If endometrial lesions are not treated, they can easily turn into cancer. Endome

Disease science

If Endometrial Lesions Are Not Treated, They Can Easily Turn into Cancer

Too-Yourhealth

Endometrial cancer "falls in love" with eight types of women

Endometrial cancer is a common malignant tumor of the female reproductive system. It is the most common gynecological malignancy in developed countries, and its incidence has been increasing in recent years.

The main cause of endometrial cancer is endometrial hyperplasia, which is a benign proliferation of the endometrium. Endometrial hyperplasia can be caused by a variety of factors, including hormone replacement therapy, obesity, diabetes, and hypertension.

If endometrial hyperplasia is not treated, it can progress to endometrial cancer. The risk of progression to cancer is about 5-10%.

Symptoms of endometrial cancer

The most common symptom of endometrial cancer is abnormal vaginal bleeding. This can occur at any age, but it is most common in women after menopause.

Other symptoms of endometrial cancer include:

Pelvic pain

Abdominal bloating

Vaginal discharge

Weight loss

Fatigue

Diagnosis of endometrial cancer

Endometrial cancer is diagnosed through a biopsy. A biopsy is a procedure in which a small sample of tissue is removed from the endometrium and examined under a microscope.

Treatment of endometrial cancer

The treatment of endometrial cancer depends on the stage of the cancer.

Early-stage endometrial cancer (stage I or II) can be treated with surgery alone.

Advanced-stage endometrial cancer (stage III or IV) may require surgery, radiation therapy, and/or chemotherapy.

Prognosis of endometrial cancer

The prognosis of endometrial cancer depends on the stage of the cancer and the patient's overall health. The 5-year survival rate for early-stage endometrial cancer is about 90%. The 5-year survival rate for advanced-stage endometrial cancer is about 60%.

Prevention of endometrial cancer

There is no sure way to prevent endometrial cancer, but there are some things you can do to reduce your risk. These include:

Maintaining a healthy weight

Eating a healthy diet

Getting regular exercise

Avoiding hormone replacement therapy

Managing diabetes and hypertension

If you have any of the symptoms of endometrial cancer, see your doctor right away. Early diagnosis and treatment can increase your chances of a successful outcome.

Endometrial cancer "falls in love" with eight types of women

Endometrial cancer is a type of cancer that forms in the lining of the uterus. It is the most common gynecological cancer in the United States, and it is estimated that over 60,000 women will be diagnosed with endometrial cancer this year.

There are a number of risk factors for endometrial cancer, including:

Age: The risk of endometrial cancer increases with age, and most cases are diagnosed in women over the age of 50.

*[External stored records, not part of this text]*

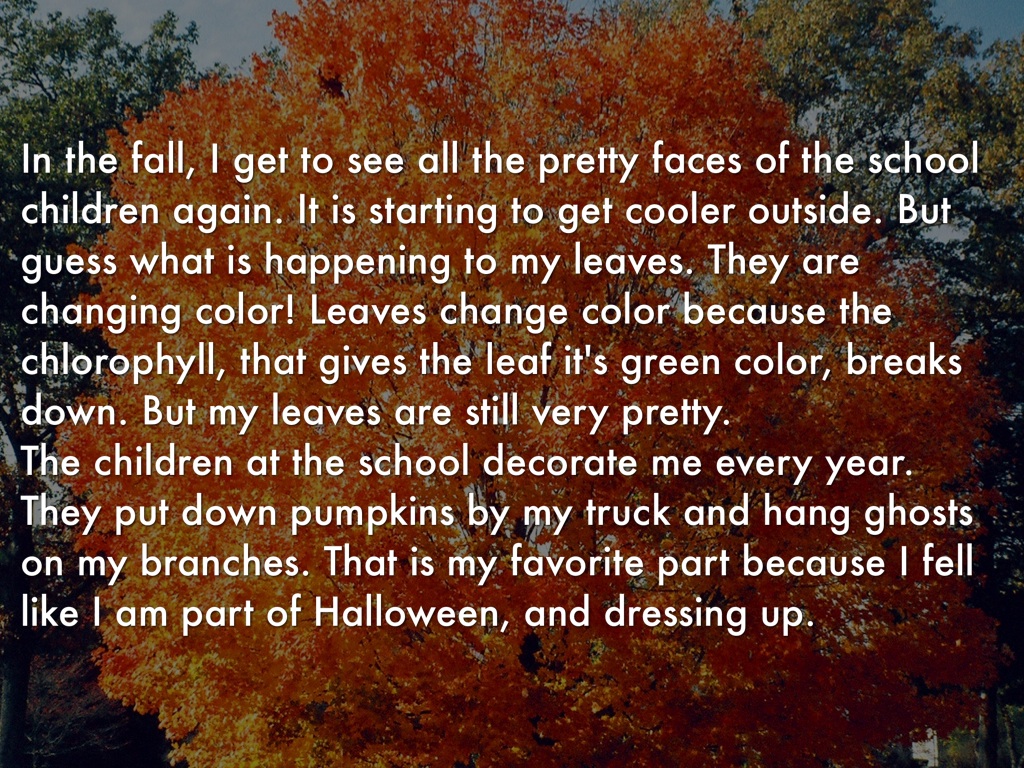 In the fall, I get to see all the pretty faces of the school children again. It is starting to get cooler outside. But guess what is happening to my leaves. They are changing color! Leaves change color because the chlorophyll, that gives the leaf it's green color, breaks down. But my leaves are still very pretty. The children at the school decorate me every year. They put down pumpkins by my truck and hang ghosts on my branches. That is my favorite part because I fell like I am part of Halloween, and dressing up.
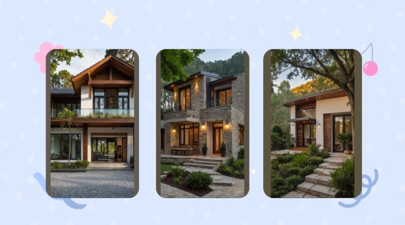 And can we talk about that massive tree? It’s not just for shade; it’s basically the house’s personal, giant, leafy umbrella, probably whispering secrets to the roof tiles when no one’s around. The whole entrance, with those charming steps and glowing lanterns, looks like it’s inviting you to a super cozy hangout session, maybe with a smoothie and a good book on that comfy little chair. This isn’t just a house; it’s a personality, a truly unique house design that’s ready for movie nights, secret conversations, or just chilling out without feeling like you’re stuck in a cookie-cutter neighborhood.
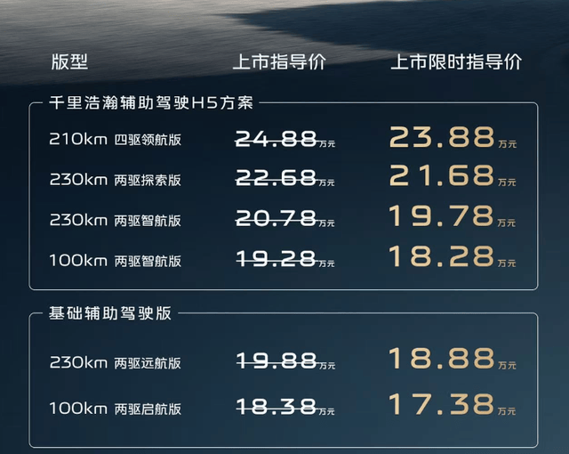 三者最大的区别集中在辅助驾驶层面,远航版用的地平线征程驾驶芯片,而智航版和探索版使用的是orin-y,支持千里浩瀚h5辅助驾驶系统上车。如果在意辅助驾驶的话, 那远航版到这里就淘汰了。

Obesity: Obese women are at an increased risk of endometrial cancer.

Diabetes: Women with diabetes are at an increased risk of endometrial cancer.

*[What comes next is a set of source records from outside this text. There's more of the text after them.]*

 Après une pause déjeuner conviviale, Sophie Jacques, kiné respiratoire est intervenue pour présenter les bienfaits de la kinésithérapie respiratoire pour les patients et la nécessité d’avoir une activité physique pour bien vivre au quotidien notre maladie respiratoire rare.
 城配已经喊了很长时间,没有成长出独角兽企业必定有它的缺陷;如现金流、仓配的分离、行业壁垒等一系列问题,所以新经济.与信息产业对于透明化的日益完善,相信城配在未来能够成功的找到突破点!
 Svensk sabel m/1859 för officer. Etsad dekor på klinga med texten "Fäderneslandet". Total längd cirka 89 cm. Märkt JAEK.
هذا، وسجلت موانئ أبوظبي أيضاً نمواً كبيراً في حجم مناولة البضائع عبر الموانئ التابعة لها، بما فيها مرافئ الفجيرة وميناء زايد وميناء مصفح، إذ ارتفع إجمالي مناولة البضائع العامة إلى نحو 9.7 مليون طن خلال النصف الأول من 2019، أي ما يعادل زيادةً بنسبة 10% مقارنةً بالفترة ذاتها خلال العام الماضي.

High blood pressure: Women with high blood pressure are at an increased risk of endometrial cancer.

Hormone replacement therapy: Women who take hormone replacement therapy (HRT) for more than 5 years are at an increased risk of endometrial cancer.

Tamoxifen: Women who take ***, a drug used to treat breast cancer, are at an increased risk of endometrial cancer.

Lynch syndrome: Women with Lynch syndrome, a genetic disorder that increases the risk of colon and endometrial cancer, are at an increased risk of endometrial cancer.

Symptoms of endometrial cancer

The most common symptom of endometrial cancer is abnormal vaginal bleeding. This can occur at any time, but it is most common in women after menopause. Other symptoms of endometrial cancer include:

Pelvic pain

Abdominal bloating

Vaginal discharge

Weight loss

Fatigue

Diagnosis of endometrial cancer

Endometrial cancer is diagnosed through a biopsy. A biopsy is a procedure in which a small sample of tissue is removed from the endometrium and examined under a microscope.

Treatment of endometrial cancer

The treatment of endometrial cancer depends on the stage of the cancer and the patient's overall health.

Early-stage endometrial cancer (stage I or II) can be treated with surgery alone.

Advanced-stage endometrial cancer (stage III or IV) may require surgery, radiation therapy, and/or chemotherapy.

Prognosis of endometrial cancer

The prognosis of endometrial cancer depends on the stage of the cancer and the patient's overall health. The 5-year survival rate for early-stage endometrial cancer is about 90%. The 5-year survival rate for advanced-stage endometrial cancer is about 60%.

Prevention of endometrial cancer

There is no sure way to prevent endometrial cancer, but there are some things you can do to reduce your risk. These include:

Maintaining a healthy weight

Eating a healthy diet

Getting regular exercise

Avoiding hormone replacement therapy

Managing diabetes and hypertension

If you have any of the symptoms of endometrial cancer, see your doctor right away. Early diagnosis and treatment can increase your chances of a successful outcome.